EXERCISE GOAL:
Nothing but the lines from the first line of the entries through the line with "ARIVIA(アリヴィア)は" should appear in the answer, transcribed exactly and free of pictures.

══════

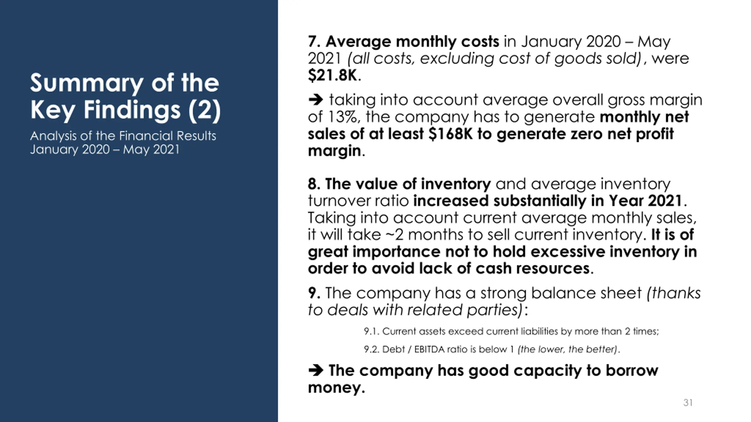 7. Average monthly costs in January 2020 May 2021 (all costs, excluding cost of goods sold), were $21.8K. taking into account average overall gross margin of 13%, the company has to generate monthly net sales of at least $168K to generate zero net profit margin. Summary of the Key Findings (2) Analysis of the Financial Results January 2020 May 2021 8. The value of inventory and average inventory turnover ratio increased substantially in Year 2021. Taking into account current average monthly sales, it will take ~2 months to sell current inventory. It is of great importance not to hold excessive inventory in order to avoid lack of cash resources. 9. The company has a strong balance sheet (thanks to deals with related parties): 9.1. Current assets exceed current liabilities by more than 2 times; 9.2. Debt / EBITDA ratio is below 1 (the lower, the better). The company has good capacity to borrow money. 31
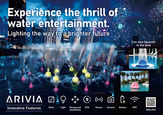 ARIVIA(アリヴィア)は、噴水・LED・自動航行機能を備えた“水上ドローン”として誕生した、新しい水上エンターテインメントです。水上で“光・音・動き”を融合させたエンターテインメントを創出する、ブイ型の自律制御デバイスで、本体には、カラフルなLEDライト、制御可能な噴水、GPS、音響再生機能を搭載。複数台を連携させた水上ドローンショーや、音楽・プロジェクションマッピングとの連動演出にも対応予定です。
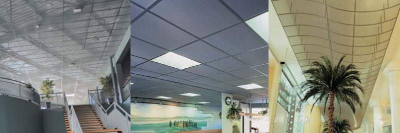 Интересная текстура материала и разнообразие конфигураций ячеек позволяют реализовать множество самых неожиданных дизайнерских идей. Просечно-вытяжная сетка идеально подходит для оформления подвесных потолков на путях эвакуации, а также в помещениях, к которым предъявляются повышенные требования по обеспечению пожарной безопасности(класс горючести НГ).
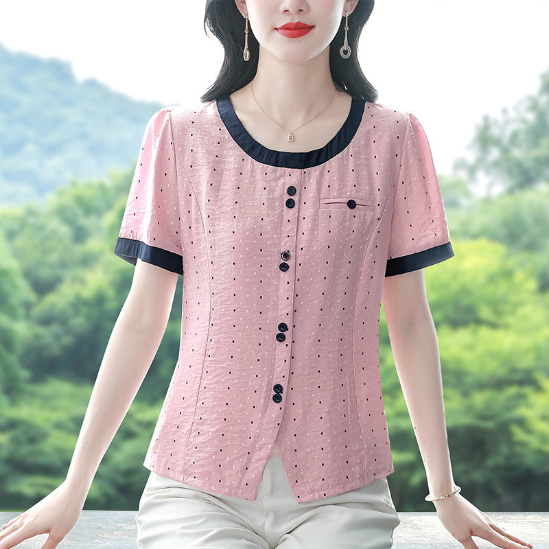 スポットラウンドネックシャツ綿とリネンの水玉模様のレディース夏服新しい半袖トップスショートスリムで多用途なシャツ
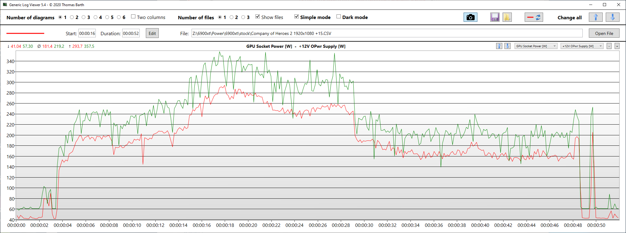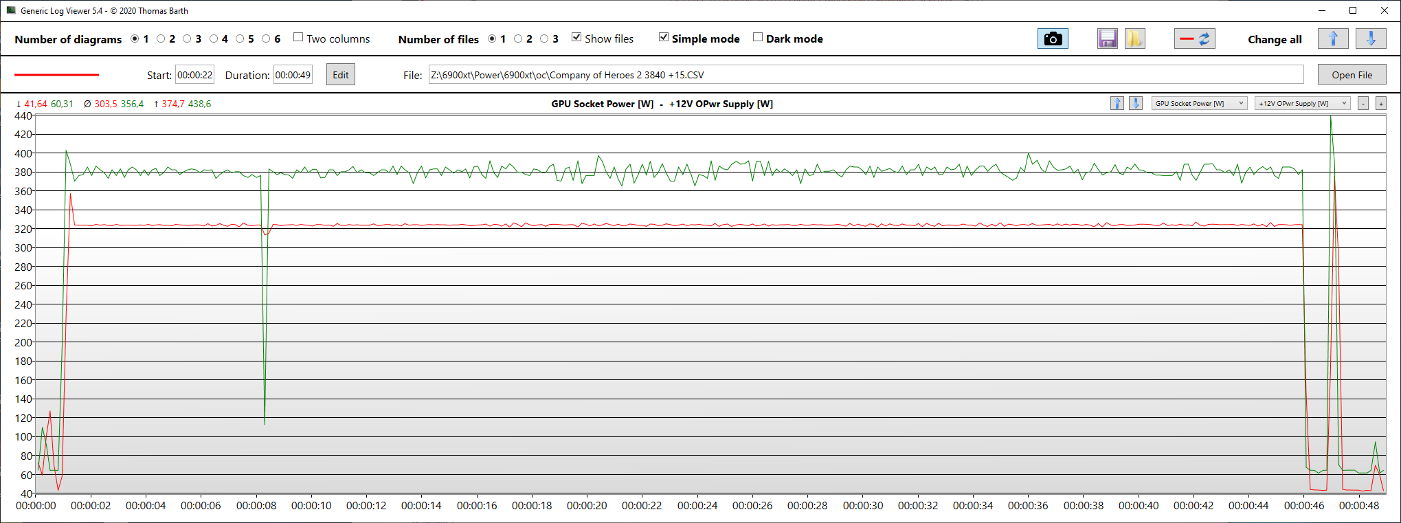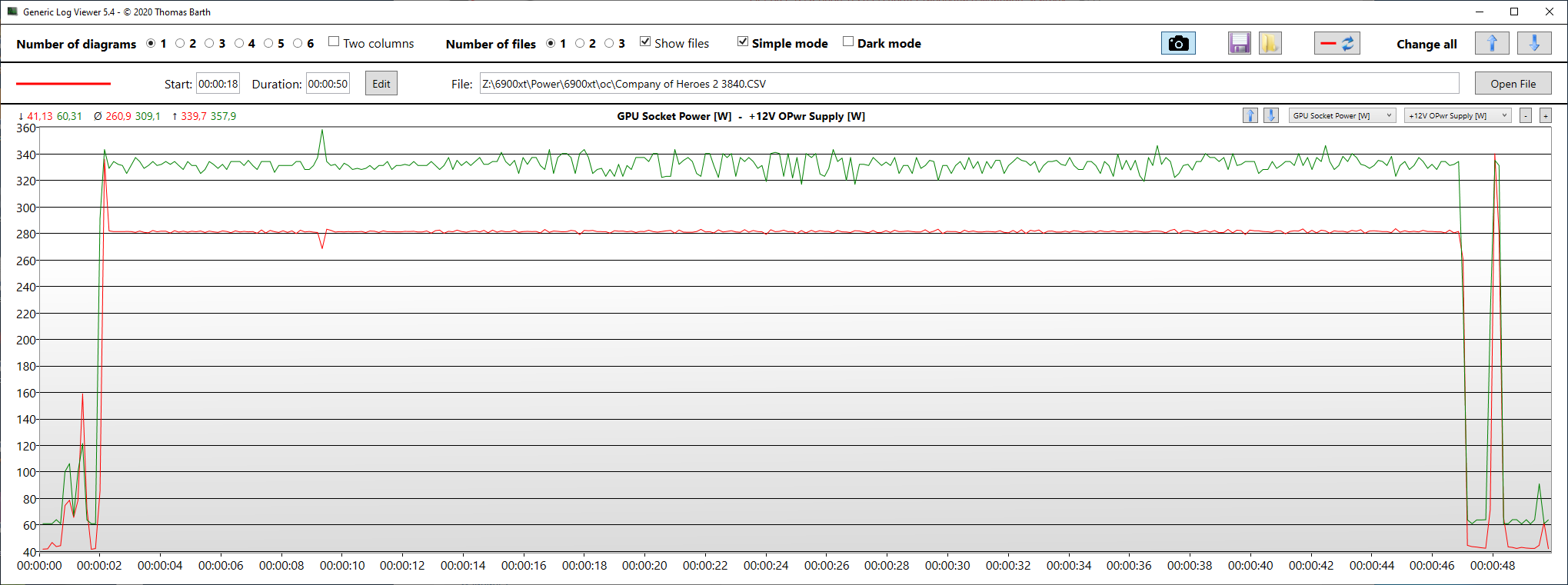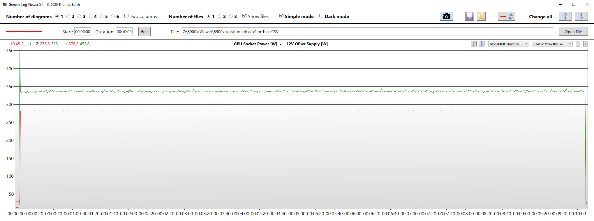 GPU Socket Power [W] – энергопотребление GPU из Hwinfo64 красная линия на графике.

══════

ANSWER TO THE PROBLEM:
 7. Average monthly costs in January 2020 May 2021 (all costs, excluding cost of goods sold), were $21.8K. taking into account average overall gross margin of 13%, the company has to generate monthly net sales of at least $168K to generate zero net profit margin. Summary of the Key Findings (2) Analysis of the Financial Results January 2020 May 2021 8. The value of inventory and average inventory turnover ratio increased substantially in Year 2021. Taking into account current average monthly sales, it will take ~2 months to sell current inventory. It is of great importance not to hold excessive inventory in order to avoid lack of cash resources. 9. The company has a strong balance sheet (thanks to deals with related parties): 9.1. Current assets exceed current liabilities by more than 2 times; 9.2. Debt / EBITDA ratio is below 1 (the lower, the better). The company has good capacity to borrow money. 31
 ARIVIA(アリヴィア)は、噴水・LED・自動航行機能を備えた“水上ドローン”として誕生した、新しい水上エンターテインメントです。水上で“光・音・動き”を融合させたエンターテインメントを創出する、ブイ型の自律制御デバイスで、本体には、カラフルなLEDライト、制御可能な噴水、GPS、音響再生機能を搭載。複数台を連携させた水上ドローンショーや、音楽・プロジェクションマッピングとの連動演出にも対応予定です。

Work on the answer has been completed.